Psychosis “memories” are different so I think you should separate psychosis memories from recovered memories. The very definition of psychosis is that what you see, hear, etc isn’t real. Of course you can’t trust these memories.

As stated before, the major backlash against recovered memories started as parents going to extremes to discredit the daughter they abused. And now, thousands+++ of abuse survivors have to deal with the fallout.
 
Yes, it was the denial for me as well that I had to truly break through in order to get a grip on the dissociation. I feel like because my abuse was unmanageable for me in any way, the only option I had was to zone out all senses. No.more.input.

Psychiatrists in Canada as well don't acknowledge trauma. I was diagnosed with it right away but I was an extreme example and luckily not psychotic at the time so they could't white wash the trauma away. Not long afterwards though -- when I started to see a psychologist, they started back paddling and tried to retract the PTSD diagnosis to 'iotrragenic' and stating it was my psychologists fault for my PTSD, even thought I had been diagnosed 2 years prior to my seeing the psychologist.

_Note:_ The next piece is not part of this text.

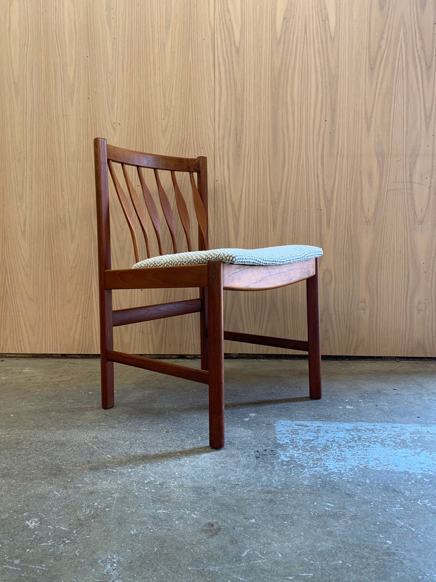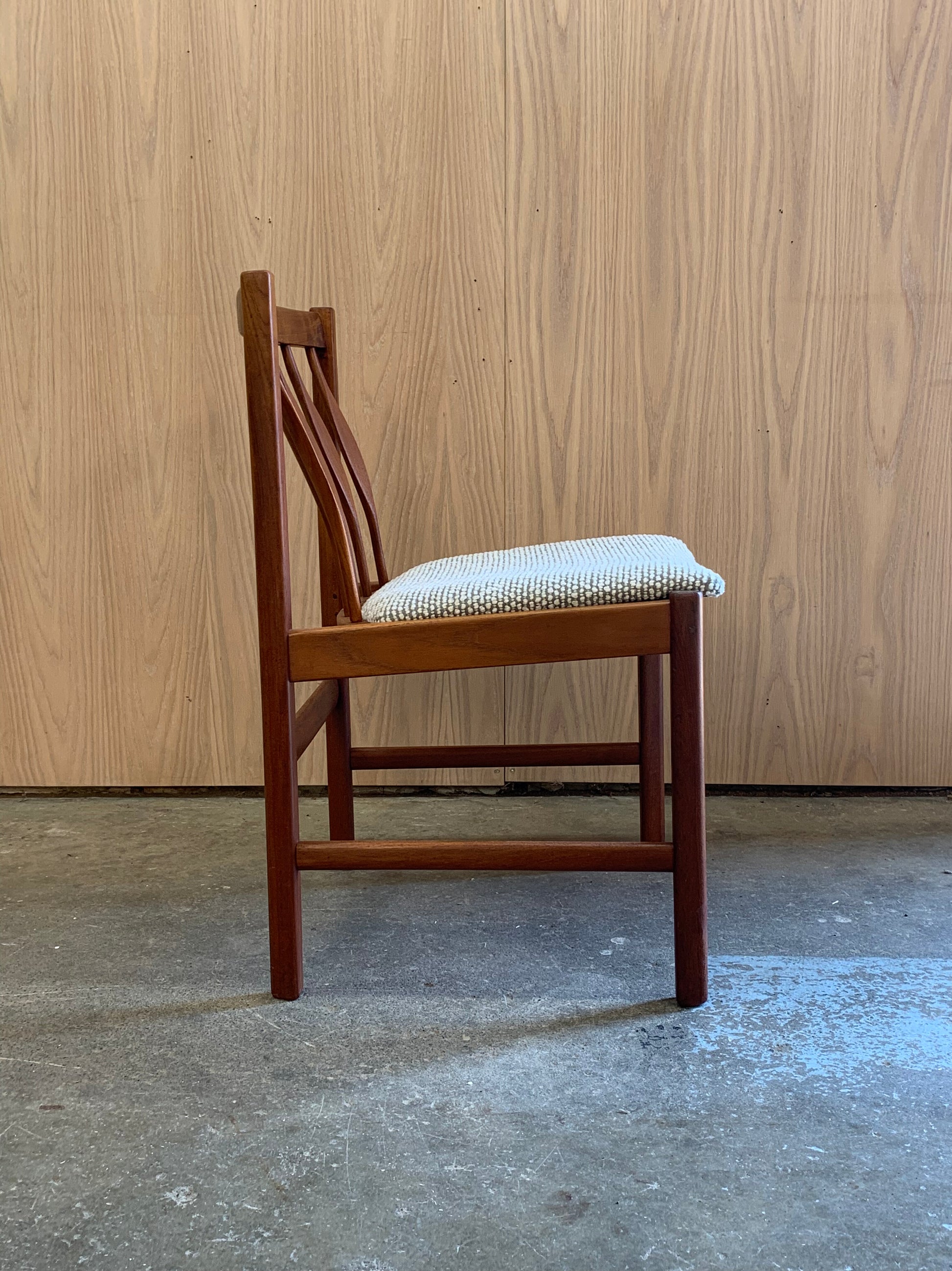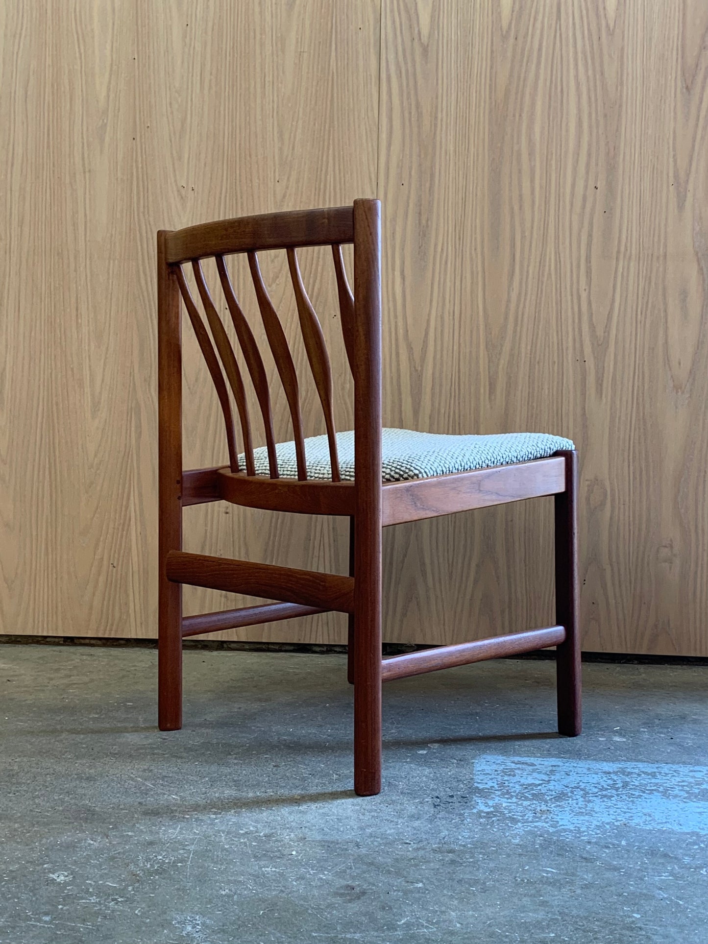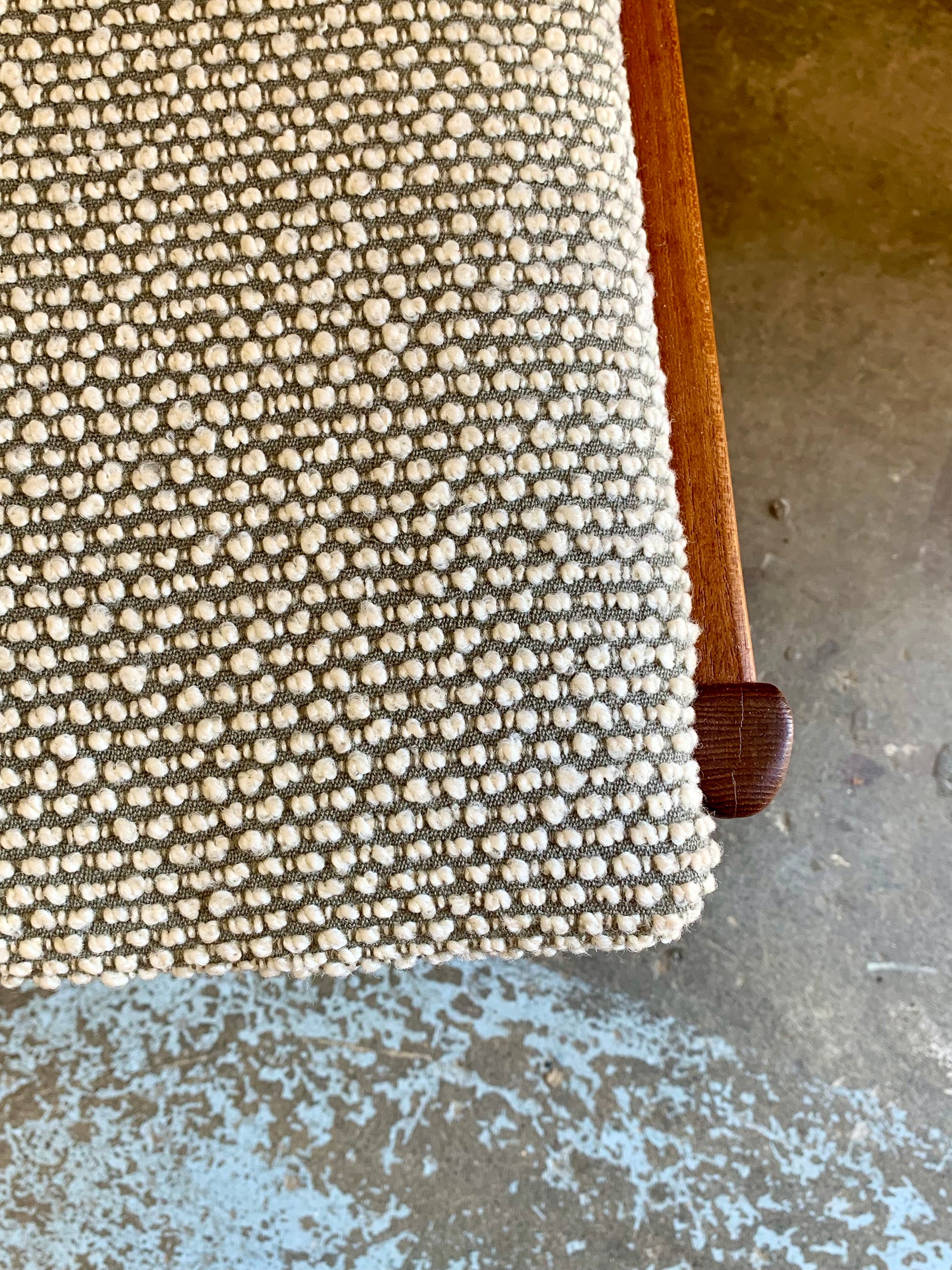 Set of four 1960s teak dining chairs by RS & Associates, crafted in Canada with elegant sculptural lines and signature curved teak slats. The frames have been freshly cleaned and polished by our team to bring out the warmth and grain of the solid teak. Seats are newly upholstered in a premium chunky bouclé fabric, adding rich texture and comfort to their refined silhouette. A timeless blend of craftsmanship and modernist character.

There can be some serious politics involved when it comes to any mental health diagnosis here. Best of luck to you and please keep posting. Sounds like you are doing a terrific job! Well done.
 
I am fortunate to be seeing an excellent trauma psychiatrist who is my main T (there's a thread floating around). She has really pushed me to share my flashbacks - which seem far from real - and I have finally done so. It took a while. This week I was desperate to "take it all back" but being heard and affirmed feels like it has made a difference. I don't feel quite as on edge I did last week. And yep I have been second guessing all this for months and months.
 
Accepting the trauma and working on it has a very strong healing effect, whereas the denial only leads to disaster.
You sound like you’ve reached this conclusion for yourself. Acceptance. It’s so incredibly important.

What am I going to accept as ‘real’? Here’s the thing: it didn’t happen exactly the way you remember it. It didn’t. Memory is an incredibly flexible, relative, fluid and constantly imperfect thing. It’s not perfect. So acceptance is about coming to terms with “This is my truth, and I accept it”. Doesn’t mean you like it, or it’s not a big deal, or that it hasn’t had some serious lasting consequences. It just is.

The other thing about acceptance is that the only person who needs to accept your truth? Is you.

Lots of Ts won’t take a position on whether they believe our memories, because it can influence a lot of people on a subconscious level in ways that can do a lot of damage. Some Ts embrace ‘validating’ their patient and enthusiastically support every recovered memory as absolute truth. But a lot of them don’t. A lot of them will stay neutral.

From the T’s perspective, they aren’t treating a person’s memory (that’s for a neurologist). They aren’t treating a person’s trauma (that’s for a historian). They are treating the consequences. The person and package in front of them today. And that’s pretty much irrespective of how accurate the memories are.

Your body seems to give you a very clear message when you try and go down the path of denial. Listen to that. But don’t get hung up on persuading people of your truth. You’re the one who experienced it, and you’re the one living with the consequences. So your acceptance is the only one that matters.

As for reading up on the false memory debate? It’s incredibly political, and misses much of the incredibly interesting, evolving knowledge we have about how memory actually works. So in terms of your recovery and what you need? Investing time in reading about largely politically motivated claptrap probably just isn’t a helpful thing for you to do (which would make you like most of us!).